SEGARA et al v. THORNTON et al
MEMORANDUM AND/OR OPINION. SIGNED BY HONORABLE CYNTHIA M. RUFE ON 2/18/2014. 2/20/2014 ENTERED AND COPIES E-MAILED.(sg, )
IN THE UNITED STATES DISTRICT COURT
FOR THE EASTERN DISTRICT OF PENNSYLVANIA
CIVIL ACTION NO. 13-1419
THE PHILADELPHIA PARKING
AUTHORITY, et al.,
FEBRUARY 18, 2014
Before the Court are Defendants’ motion to dismiss Jessica Segarra’s Amended
Complaint and Segarra’s response thereto. For the reasons stated below, the motion will be
granted in part and denied in part. Segarra will be granted leave to amend.
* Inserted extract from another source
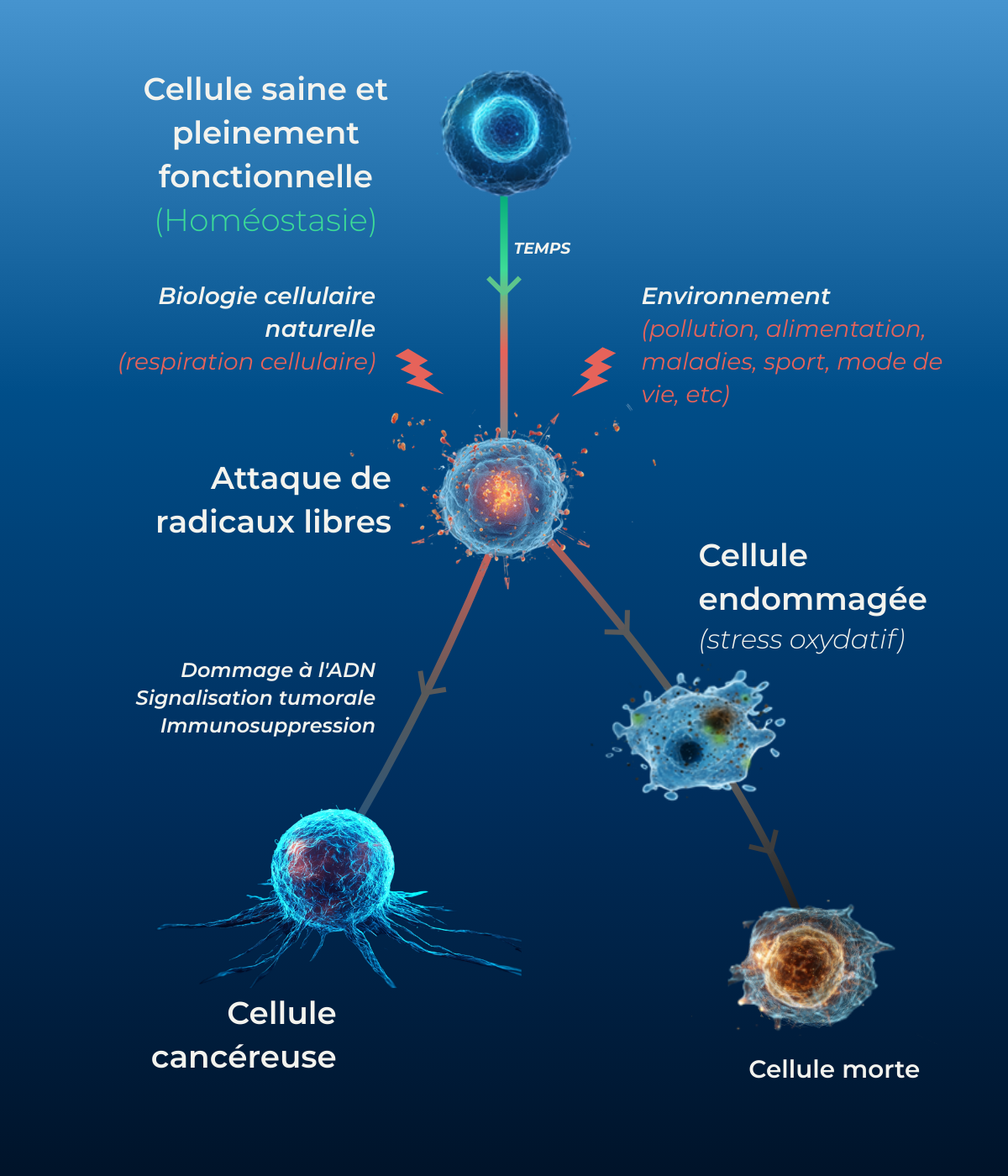 La vie naturelle d'une cellule saine dépend de sa capacité à maintenir son équilibre et à rester biologiquement claire, sans perturbation oxydative.

Jessica Segarra was employed by the Philadelphia Parking Authority (“PPA”) as a
Parking Enforcement Officer on the evening of August 12, 2011. That night, as she was on the
street having a telephone conversation with Kevin Manzi, another PPA employee, about parking
enforcement strategy, a man wearing ordinary clothes, looking and smelling drunk, accosted her.
He asked her why she was talking on the phone while she was working. Segarra attempted to
walk away, but the man yelled at her and grabbed her, preventing her from leaving. It turned out
that the man was Defendant Elijah Wooden, an official at PPA who outranked Segarra.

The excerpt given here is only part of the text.